You can provision containers or container VMs from the management portal depending on the target host. If your target host is a VCH, you provision container VMs. If your target host is a Docker host, you provision standard containers. You can quick-provision by using default settings or you can customize your deployment by using the available settings. You can either provision or save as a template your configured container.

IMPORTANT: vSphere Integrated Containers Management Portal allows you to provision containers from the registries that are included in the lists of global registries that the Management Portal Administrator configures, or project registries that the DevOps administrator configures. However, if the vSphere administrator deployed a VCH with whitelist mode enabled, and if the whitelist on the VCH is more restrictive than the global and project registry lists, you can only provision containers from the registries that the VCH permits in its whitelist, even if the VCH is included in a project that permits other registries. For more information, see VCH Whitelists and Registry Lists in vSphere Integrated Containers Management Portal in vSphere Integrated Containers for vSphere Administrators.

You can provision containers, templates, or images.

  • To provision a single container, go to Home > Containers and click + Container.
  • To provision an image with additional settings, go to Home > Templates and import a new template from file that you can later provision.

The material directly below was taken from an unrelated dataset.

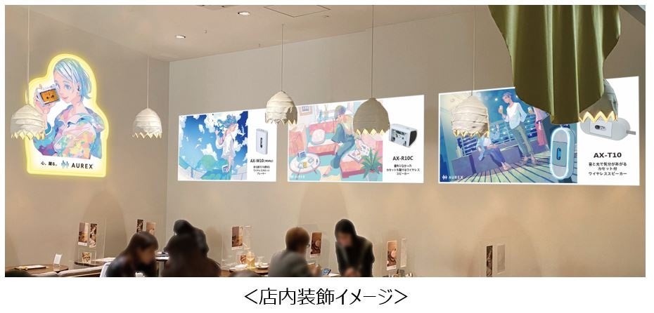 期間中、店内では、イラストレーター・pomodorosa(ポモドローサ)氏がプロモーションの為に描き下ろし、様々な音楽の楽しみ方を表現した、オリジナルキャラクターの世界観で彩ります。展示してある新商品3モデルを使っての試聴や聞き比べをシンガーソングライター・にしな氏の楽曲「東京マーブル」を収録したオリジナルカセットテープで自由に試すことができます。
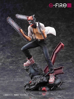 セガが手がけるフィギュアやぬいぐるみのブランド・S-FIREがチェンソーマンを立体化したこのフィギュア。両手のチェンソーを掲げた好戦的なポーズを取っており、ひるがえったシャツは躍動感を感じさせる。頭部の小さな傷も細やかに表現されているほか、背景台座の鉄骨や瓦礫にいたるまで、丁寧な造形と塗装で仕上げられた。

When you create containers from the Containers page in the management portal, you can configure the following settings:

  • Basic configuration
    • Image to be used
    • Name of the container
    • Custom commands
    • Links
  • Network configuration
    • Port bindings and ports publishing
    • Hostname
    • Network mode
  • Storage configuration
    • Select volumes
    • Configure a working directory
  • Policy configuration
    • Define clusters
    • Resource allocation
    • Anti-affinity rules
  • Custom environment variables
  • Health checks
    • HTTP
    • TCP connection
    • Command
  • Logging

When you configure a container, on the Environment tab, you can add industry standard variables. For information about using Docker environment variables, see Environment variables in Compose in the Docker documentation.